User currently offlineSashA From Russia, joined May 1999, 861 posts, RR: 0
Reply 14, posted (15 years 5 months 6 days 18 hours ago) and read 794 times:

BA supplies warm breakfast even on its regional routes!! All times when I flew Glasgow GLA - London LGW, there was always becon, scrambled egg, tomatoes (warm!) and orange juice. This rox.

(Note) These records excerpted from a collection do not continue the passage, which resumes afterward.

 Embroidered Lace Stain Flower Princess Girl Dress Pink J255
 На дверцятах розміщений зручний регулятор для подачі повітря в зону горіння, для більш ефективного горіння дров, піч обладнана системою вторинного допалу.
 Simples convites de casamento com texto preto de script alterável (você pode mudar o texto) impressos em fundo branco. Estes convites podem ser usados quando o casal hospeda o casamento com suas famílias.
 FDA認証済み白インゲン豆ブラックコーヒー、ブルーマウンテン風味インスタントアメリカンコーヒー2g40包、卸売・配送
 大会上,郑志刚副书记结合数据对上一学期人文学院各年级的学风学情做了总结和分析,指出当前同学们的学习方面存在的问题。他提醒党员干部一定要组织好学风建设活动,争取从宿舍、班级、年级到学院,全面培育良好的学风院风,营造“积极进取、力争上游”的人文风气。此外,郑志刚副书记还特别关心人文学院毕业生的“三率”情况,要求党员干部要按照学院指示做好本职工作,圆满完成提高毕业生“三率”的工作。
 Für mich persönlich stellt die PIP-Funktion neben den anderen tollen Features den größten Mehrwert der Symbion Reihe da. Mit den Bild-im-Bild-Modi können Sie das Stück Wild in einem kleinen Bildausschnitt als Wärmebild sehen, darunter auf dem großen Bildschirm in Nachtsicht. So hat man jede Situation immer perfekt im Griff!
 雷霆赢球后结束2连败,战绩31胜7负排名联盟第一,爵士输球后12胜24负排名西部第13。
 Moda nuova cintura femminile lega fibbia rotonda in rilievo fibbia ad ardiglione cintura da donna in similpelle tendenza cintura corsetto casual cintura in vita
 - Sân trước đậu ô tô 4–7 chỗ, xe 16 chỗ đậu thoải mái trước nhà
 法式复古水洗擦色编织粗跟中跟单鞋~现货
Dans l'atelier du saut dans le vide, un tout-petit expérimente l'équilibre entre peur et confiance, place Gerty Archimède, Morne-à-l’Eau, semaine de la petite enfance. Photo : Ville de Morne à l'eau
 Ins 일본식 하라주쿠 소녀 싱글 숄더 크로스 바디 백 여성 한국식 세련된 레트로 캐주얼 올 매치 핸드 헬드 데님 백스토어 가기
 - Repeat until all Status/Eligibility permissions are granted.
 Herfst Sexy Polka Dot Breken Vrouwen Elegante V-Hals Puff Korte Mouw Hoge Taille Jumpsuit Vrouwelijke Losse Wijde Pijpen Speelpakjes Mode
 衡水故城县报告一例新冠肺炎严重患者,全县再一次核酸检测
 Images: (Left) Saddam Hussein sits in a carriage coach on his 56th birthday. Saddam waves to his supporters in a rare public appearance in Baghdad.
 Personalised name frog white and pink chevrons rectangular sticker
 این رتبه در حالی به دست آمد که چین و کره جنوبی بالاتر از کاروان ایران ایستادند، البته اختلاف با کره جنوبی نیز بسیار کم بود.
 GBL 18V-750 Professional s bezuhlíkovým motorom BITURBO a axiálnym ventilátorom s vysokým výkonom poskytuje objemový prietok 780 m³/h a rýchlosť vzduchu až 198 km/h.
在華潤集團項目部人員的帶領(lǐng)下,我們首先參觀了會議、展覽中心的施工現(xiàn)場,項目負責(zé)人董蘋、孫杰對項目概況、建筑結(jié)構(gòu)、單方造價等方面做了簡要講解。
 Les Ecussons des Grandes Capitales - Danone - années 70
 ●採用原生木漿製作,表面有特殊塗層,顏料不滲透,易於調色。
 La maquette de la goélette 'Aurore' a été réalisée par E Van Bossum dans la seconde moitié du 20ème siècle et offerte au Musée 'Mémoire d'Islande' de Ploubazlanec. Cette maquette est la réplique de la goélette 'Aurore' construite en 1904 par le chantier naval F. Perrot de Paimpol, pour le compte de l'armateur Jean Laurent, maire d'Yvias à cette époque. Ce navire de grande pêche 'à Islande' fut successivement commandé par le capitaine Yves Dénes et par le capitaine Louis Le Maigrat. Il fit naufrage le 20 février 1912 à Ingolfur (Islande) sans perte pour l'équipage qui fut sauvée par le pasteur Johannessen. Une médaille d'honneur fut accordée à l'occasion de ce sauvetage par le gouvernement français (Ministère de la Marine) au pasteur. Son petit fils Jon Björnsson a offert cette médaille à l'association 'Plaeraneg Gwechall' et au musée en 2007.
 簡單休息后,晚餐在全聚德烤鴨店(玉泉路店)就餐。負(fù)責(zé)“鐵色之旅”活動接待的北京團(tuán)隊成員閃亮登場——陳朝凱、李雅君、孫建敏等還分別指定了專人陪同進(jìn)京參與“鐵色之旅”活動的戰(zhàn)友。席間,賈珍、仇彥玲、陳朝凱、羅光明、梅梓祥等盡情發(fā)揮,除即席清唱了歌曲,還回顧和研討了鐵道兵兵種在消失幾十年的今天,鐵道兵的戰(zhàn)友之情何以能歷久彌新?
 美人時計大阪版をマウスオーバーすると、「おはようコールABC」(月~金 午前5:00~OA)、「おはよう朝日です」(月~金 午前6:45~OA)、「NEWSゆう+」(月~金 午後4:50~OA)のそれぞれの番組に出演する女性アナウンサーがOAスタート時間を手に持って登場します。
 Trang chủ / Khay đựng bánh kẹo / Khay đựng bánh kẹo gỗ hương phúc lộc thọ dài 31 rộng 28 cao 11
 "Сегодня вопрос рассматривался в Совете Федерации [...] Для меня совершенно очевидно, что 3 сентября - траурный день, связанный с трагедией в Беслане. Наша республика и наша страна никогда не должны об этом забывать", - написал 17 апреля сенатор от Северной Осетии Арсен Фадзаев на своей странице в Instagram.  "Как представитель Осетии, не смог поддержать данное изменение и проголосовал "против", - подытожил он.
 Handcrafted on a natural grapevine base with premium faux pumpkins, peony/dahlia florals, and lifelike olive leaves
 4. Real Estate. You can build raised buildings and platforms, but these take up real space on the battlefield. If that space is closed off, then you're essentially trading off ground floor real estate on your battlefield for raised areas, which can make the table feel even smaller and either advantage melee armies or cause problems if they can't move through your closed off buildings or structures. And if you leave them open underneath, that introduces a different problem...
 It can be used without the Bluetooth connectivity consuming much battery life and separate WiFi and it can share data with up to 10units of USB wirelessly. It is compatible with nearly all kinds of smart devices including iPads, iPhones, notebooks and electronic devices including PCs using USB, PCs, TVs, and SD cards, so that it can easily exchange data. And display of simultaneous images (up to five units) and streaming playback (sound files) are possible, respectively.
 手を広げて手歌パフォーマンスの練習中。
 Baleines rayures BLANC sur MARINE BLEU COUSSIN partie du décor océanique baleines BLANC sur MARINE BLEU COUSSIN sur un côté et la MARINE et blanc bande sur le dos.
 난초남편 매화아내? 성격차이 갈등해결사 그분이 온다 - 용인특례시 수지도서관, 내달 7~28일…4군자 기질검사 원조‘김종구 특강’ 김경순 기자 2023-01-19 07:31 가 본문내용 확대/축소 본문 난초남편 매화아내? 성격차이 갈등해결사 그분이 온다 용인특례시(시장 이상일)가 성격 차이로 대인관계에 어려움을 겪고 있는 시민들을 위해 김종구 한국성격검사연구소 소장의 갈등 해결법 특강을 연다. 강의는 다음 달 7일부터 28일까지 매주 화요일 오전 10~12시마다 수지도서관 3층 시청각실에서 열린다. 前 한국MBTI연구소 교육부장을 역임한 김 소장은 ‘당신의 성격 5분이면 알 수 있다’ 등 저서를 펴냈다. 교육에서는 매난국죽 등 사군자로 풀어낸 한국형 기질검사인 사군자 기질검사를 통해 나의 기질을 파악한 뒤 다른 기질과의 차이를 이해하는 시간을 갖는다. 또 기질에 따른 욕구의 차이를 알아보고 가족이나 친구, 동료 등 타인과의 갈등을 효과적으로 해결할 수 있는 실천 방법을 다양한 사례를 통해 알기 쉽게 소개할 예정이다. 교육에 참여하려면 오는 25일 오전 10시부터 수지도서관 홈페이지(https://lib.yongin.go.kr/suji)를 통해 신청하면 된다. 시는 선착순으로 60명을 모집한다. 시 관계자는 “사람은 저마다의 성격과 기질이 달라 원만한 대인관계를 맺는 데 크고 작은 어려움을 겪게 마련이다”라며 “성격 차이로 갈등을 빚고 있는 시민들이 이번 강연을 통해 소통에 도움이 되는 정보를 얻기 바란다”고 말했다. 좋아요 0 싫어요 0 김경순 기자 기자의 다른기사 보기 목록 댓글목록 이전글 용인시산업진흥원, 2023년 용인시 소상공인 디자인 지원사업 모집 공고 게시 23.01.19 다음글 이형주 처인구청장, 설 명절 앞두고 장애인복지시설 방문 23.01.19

I also like their salads. They tend to put most unusual ingredients there.. :)

Alex Alexeyev
Scotland - Russia.



An2/24/28,Yak42,Tu154/134,IL18/62/96,B737/757/767,A310/320/319,F100,BAe146,EMB-145,CRJ,A340-600,B747-400,A-330-300,A-340
User currently offlineDavid L From United Kingdom, joined May 1999, 9524 posts, RR: 42
Reply 15, posted (15 years 5 months 6 days 17 hours ago) and read 794 times:

Agreed, SashA. I haven't had a better breakfast than BA's and that's usually on the GLA - LHR shuttle as well.

User currently offlineIce Cream Man From United Kingdom, joined May 1999, 127 posts, RR: 0
Reply 16, posted (15 years 5 months 6 days 8 hours ago) and read 794 times:

Some airports use falcons as well (the birds, not the business jets) to scare other birds away. I have seen them around, a guy with a falcon on his arm.